A BSS news item carried in daily sun on
28 December 2011 informs that the government is to add a specially trained
police battalion to provide security to the president, the prime minister and
other VIPs alongside the existing forces. The officials familiar with the
process were quoted as saying: “The proposed team will be called Security and
Protection Battalion to provide security to the VVIPs, visiting VVIPs and other
important persons.”
Another news item in daily Prothom Alo
on 31 December exclaimed at the number of legal weapons that have been
deposited to the authorities in Comilla prior to the holding of the mayoral
polls there.
If we analyze the above two news
items, there are reasons to worry as far as the existing security situation is
concerned. Providing extra security means that there’s a need for it. Holders
of the top posts in the country must have felt the level of insecurity for them
has increased. Thus, the arrangement for additional forces for them. And for
the increasing number of legal firearms also that the people, who can afford,
now want to possess weapons more than they wanted in the past. The level of
insecurity for them has also risen.
Having said that, it must be said
that providing additional security to the VIPs is quite easy. We just need a
decision to implement that. Purchasing more firearms by more people is also
easy, as these people can afford to buy them. What isn’t easy is to provide
security for the people at large. If we scrutinize the extent of [physical]
insecurity of the common people, the situation isn’t at all satisfactory.
Let’s have a look at, say, about
only three major physical threats of the common people. If we just look
at proliferation of illegal weapons, unlawful sale of chemical substances and
the state of the traffic system, we actually don’t anything else for death
rates across the country.
Proliferation of illegal firearms
isn’t at all new here. Illegal weapons have been in use for the last 40 years.
Sometimes, this country has been used as the corridor to smuggle weapons by the
illegal arms traders and sometimes, Bangladesh has been the target market.

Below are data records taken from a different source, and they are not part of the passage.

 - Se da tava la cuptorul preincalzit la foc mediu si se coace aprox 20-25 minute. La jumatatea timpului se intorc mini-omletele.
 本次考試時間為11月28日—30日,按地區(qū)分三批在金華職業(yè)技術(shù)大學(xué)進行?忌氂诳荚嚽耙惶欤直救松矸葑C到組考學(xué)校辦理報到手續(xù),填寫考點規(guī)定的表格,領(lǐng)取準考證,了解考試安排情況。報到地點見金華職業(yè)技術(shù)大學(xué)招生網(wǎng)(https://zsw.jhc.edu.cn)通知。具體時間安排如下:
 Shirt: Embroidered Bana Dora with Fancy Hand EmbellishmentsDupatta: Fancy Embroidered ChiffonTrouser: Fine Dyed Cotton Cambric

Countless lives were brutally ended and thousands have been crippled due to the
presence of illegal weapons. But containing this proliferation was only limited
in running few raids.
The use of illegal firearms is now
regarded as an act of terrorism. We now have a counter-terrorism strategy and
anti-terrorism act in place. If we confine our job in mere occasional raids,
then our approach is grossly misled. The use of guns shows the entry points
smuggling are utterly unguarded. We’re not running “special drives” against the
sources. If we can’t do it, what’s the use of having an anti-terror strategy?
Again, a recent incident of throwing
four hand bombs in Dhaka’s Matijheel area and seizing three truck-loads of
explosive substances indicate the easy access of the people to these materials.

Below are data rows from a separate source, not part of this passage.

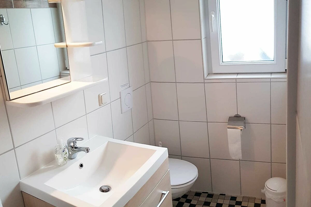 Das Bad mit WC und Dusche befindet sich im Erdgeschoss der Ferienwohnung.
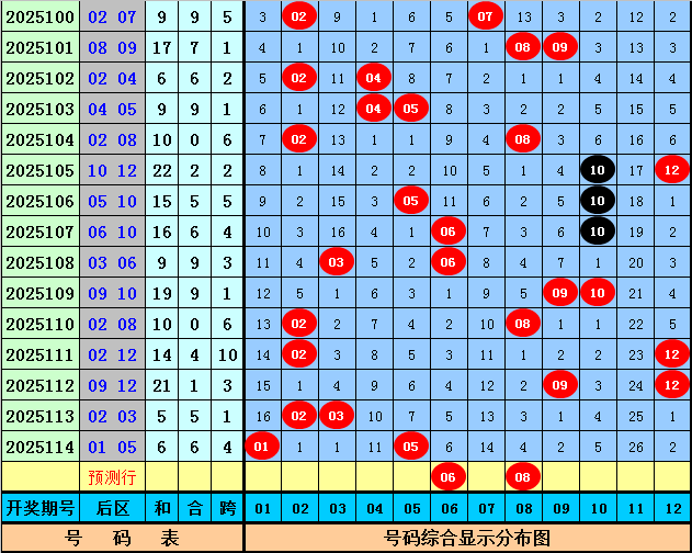 后区号码分析:第115期历史同期开奖中,后区两码全大开出2次,全小开出1次,一大一小开出14次,本期后区预计出现一大一小奖号,参考号码02、06、08、11。
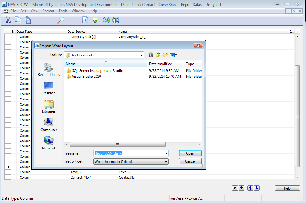 - Now go back to NAV 2015 development environment and open the design of report 5055.
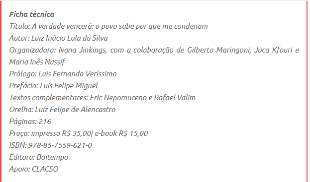 Acabo de reservar à Boitempo meu exemplar do livro A Verdade Vencerá: o povo sabe por que me condenam, de Luiz Inácio Lula da Silva. Campanha de pré-venda, disponível até o dia 16, data do lançamento oficial da obra, em São Paulo.
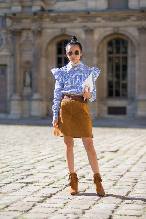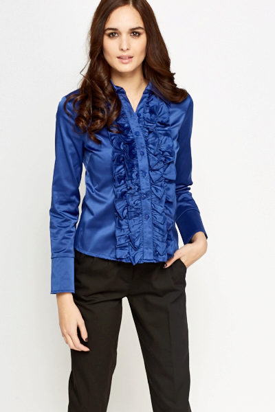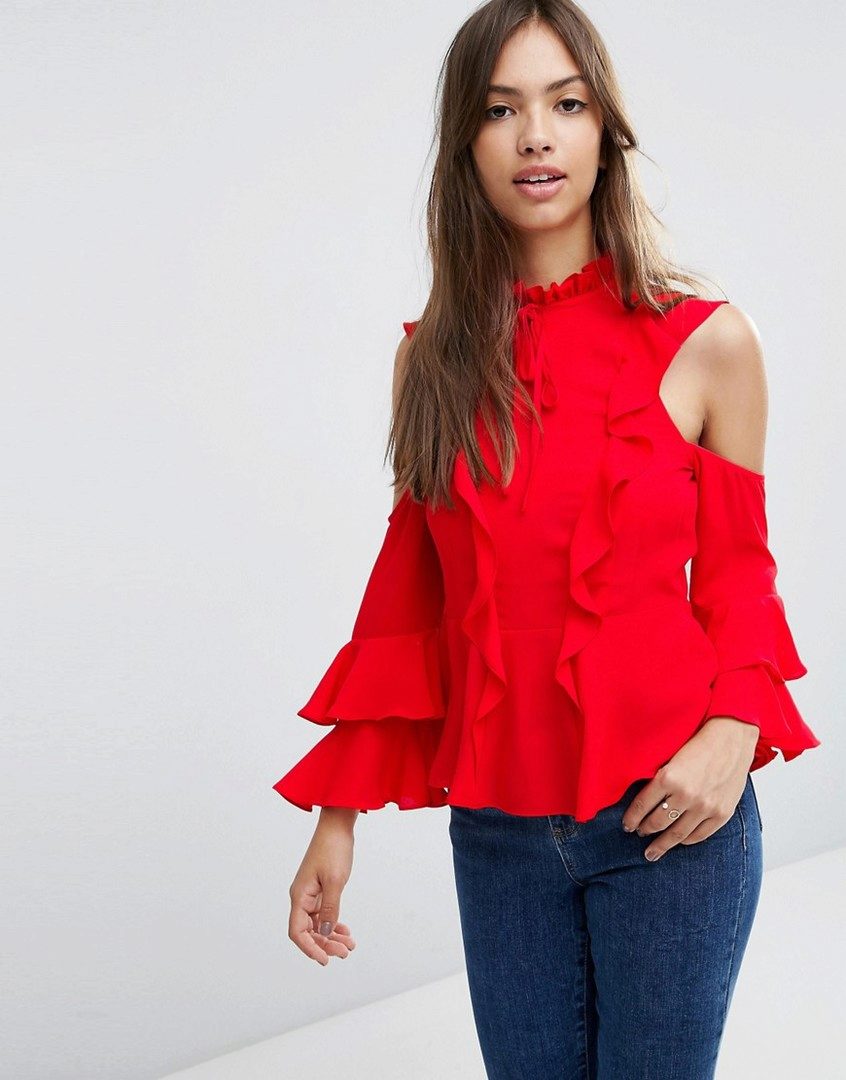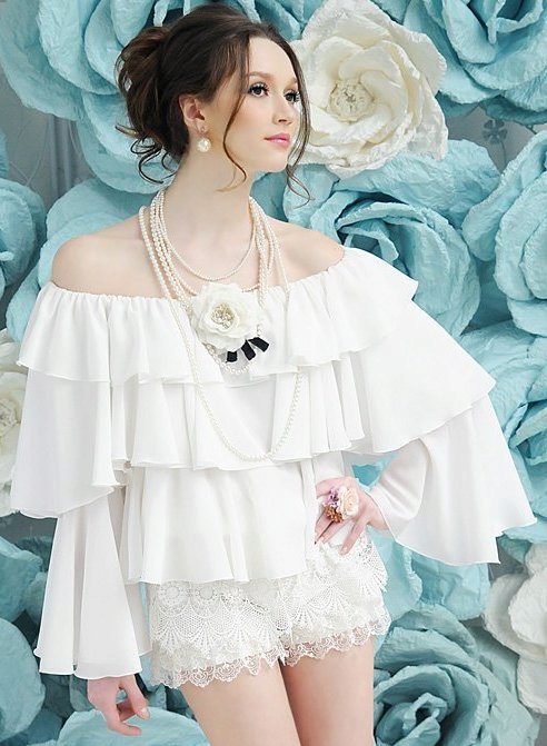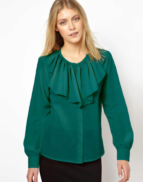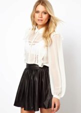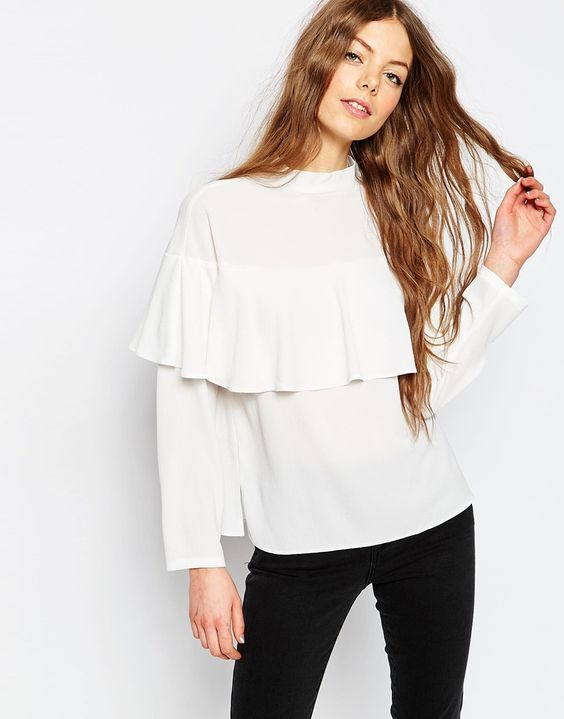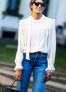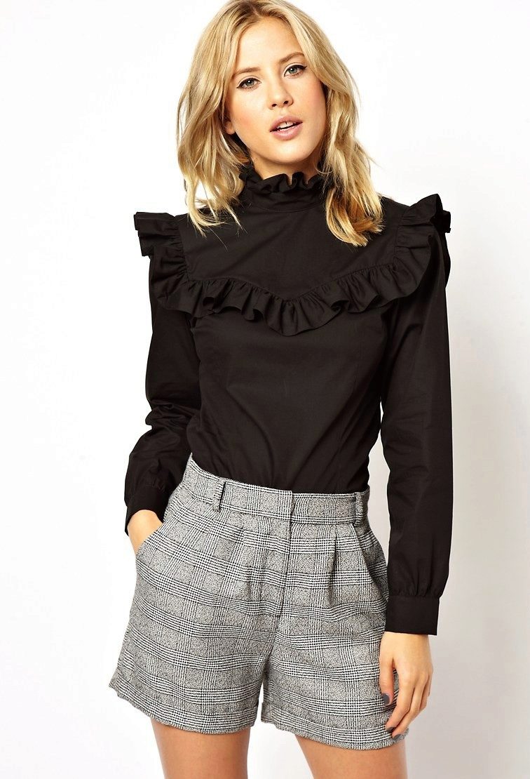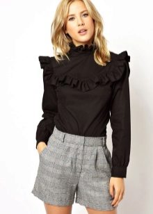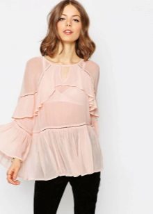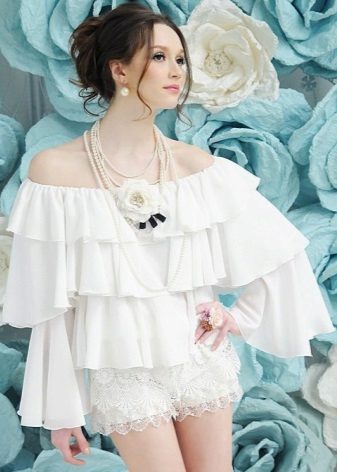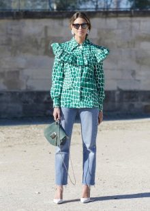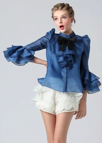 Blouse with frills looks very stylish. A long sleeve in such a model does not interfere with open shoulders, and a loose or slightly fitted cut looks very enticing. Thin girls with small breasts such blouses are most suitable, as the shuttlecocks perfectly hide not too lush bust. The image with such a blouse immediately becomes sensual and seductive.
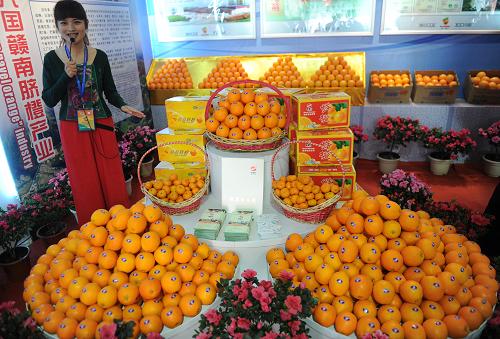 11月29日,在第三届中国赣州国际脐橙节展销会上,一名工作人员在介绍脐橙。

These bombs have been being used in Bangladesh for a long time now. These are
very easy to manufacture if you just know where to find the chemical
substances. A class-eight boy, having access to these chemicals, can assemble a
bomb. And that’s exactly what is happening in the country.
Explosives substances are too easy
to find. There have been many discussions and directions for containing this
availability of these materials, but the situation hasn’t improved. The
authorities responsible have miserably failed monitor the illegal sale of these
items. This failure has led to this situation: bombs are being thrown during
the political strikes, mugging incidences as well as in settling personal
vendettas. We’ve witnessed incidences like 21 August [2004] grenade attack and
the countrywide serial bomb attacks [on 17 August 2005], but haven’t learnt our
lesson from them. If the ministry concerned doesn’t have enough manpower to do
this monitoring, it should let someone else to shoulder the job. But the job
has to be done, otherwise people would continue to die!
When we talk about death, there’s a
completely different form of threat that is killing thousands of Bangladeshis
every year: traffic accidents! It may sound funny, but this country has the
biggest number of “collateral damage without any war”. The number of deaths due
to traffic catastrophes [which also includes ferry capsizes on the rivers] is
much higher than the number of casualties in any recent wars across the world.
Humans are dying on the roads and we can’t do anything about it.
The responsibility to reduce these
casualties doesn’t only rest on the state; this is everybody’s responsibility:
the government, the experts, the drivers, the law enforcers and lastly the
people themselves need to shoulder their respective duties. However, the issue
of road mishaps is turning out to be only a subject of talk shows on TV
channels and newspaper editorial pages. We’re talking more that we’re doing the
real work to prevent them. When there’s an incident, we talk about it and give
orders to take measures. A day after that, it’s always as it has been.
Well, if we combine the above three physical
insecurities prevailing in the country, the picture would be appalling to
anybody with a sane state of mind. And if we want to be successful in providing
security to the people, either we need to consider each and every citizen of
this country as a VIP, or we should all be given legal firearms licences.